Nach Ansicht der Bundesrichter steht dem Mann jedoch keine Klagebefugnis zu, er sei nicht in seinen eigenen Rechten verletzt. „Eine Popularklage zur Überwachung von Handlungen, die der Kläger für völkerrechtswidrig hält, sieht die deutsche Rechtsordnung nicht vor“, heißt es. Er könne sich  auch nicht auf den grundrechtlichen Schutz des Lebens und seines Eigentums berufen, weil er selbst keine Rechtsverletzungen durch die Drohnen befürchte, sondern lediglich durch möglichen Gegenschläge aus dem Ausland. Die bloße Möglichkeit einer individualisierbaren, aus der Nähe zur Air Base folgenden mittelbaren Gefährdung, die von Entscheidungen Dritter abhängig sei, reiche zur Begründung der Klagebefugnis jedoch nicht aus. Zudem habe die Bundesregierung nach der Rechtsprechung des Bundesverfassungsgerichts auf dem Gebiet der Außen- und Verteidigungspolitik einen weiten Entscheidungsspielraum, wie sie ihrer Pflicht zum Schutz des Lebens nachkommen wolle. Ein bestimmtes Verhalten könne der Kläger nicht verlangen.

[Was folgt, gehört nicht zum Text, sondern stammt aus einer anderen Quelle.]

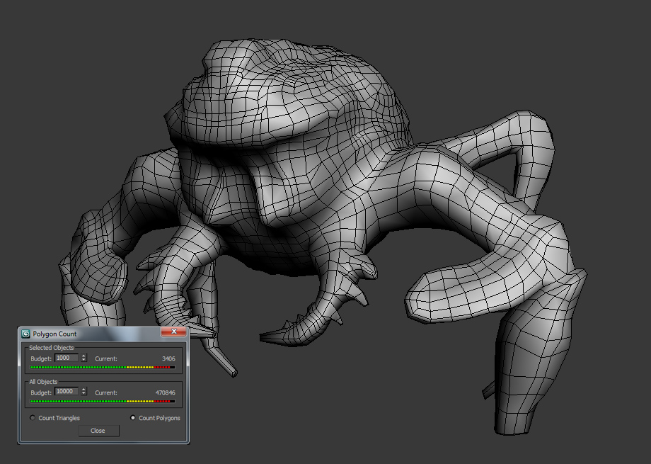 Tienes toda la razón, ayer ya era tarde y solo subí el render, tenía preparado un poco el proceso. Ahí va. La primera es la malla en alta del sculptris, no recuerdo cuantos polígonos eran, creo que unos 500.000, la segunda es la malla en baja, hice la retopología con las nuevas herramientas para ello del max2011, hay más triángulos de los que debiera quizás, y la última es la malla en baja con el bakeado del detalle de alta.

Nach einem Zusatzabkommen zum Nato-Truppenstatut von 1959 hat die US-Luftwaffe eine Dauergenehmigung für ihre Militärluftfahrzeuge, in das Bundesgebiet einzureisen und sich darauf zu bewegen. Der Kläger argumentiert, dabei würden auch in Einzelteilen zerlegte Drohnen über Ramstein transportiert.  In rund 95 Prozent der gezielten Tötungen seien Zivilpersonen Opfer der Drohnenschläge. Die Bundesrepublik Deutschland sei mittelbar an diesen Tötungen beteiligt. Zudem seien in Ramstein Raketen  stationiert, die US-Armee inspiziere, lagere und liefere von dort auch jeden Monat mehr als 900 Tonnen sogenannter abgereicherter Uranmunition. Bei einem terroristischen Angriff explodierende Munition könne die Umgebung kontaminieren.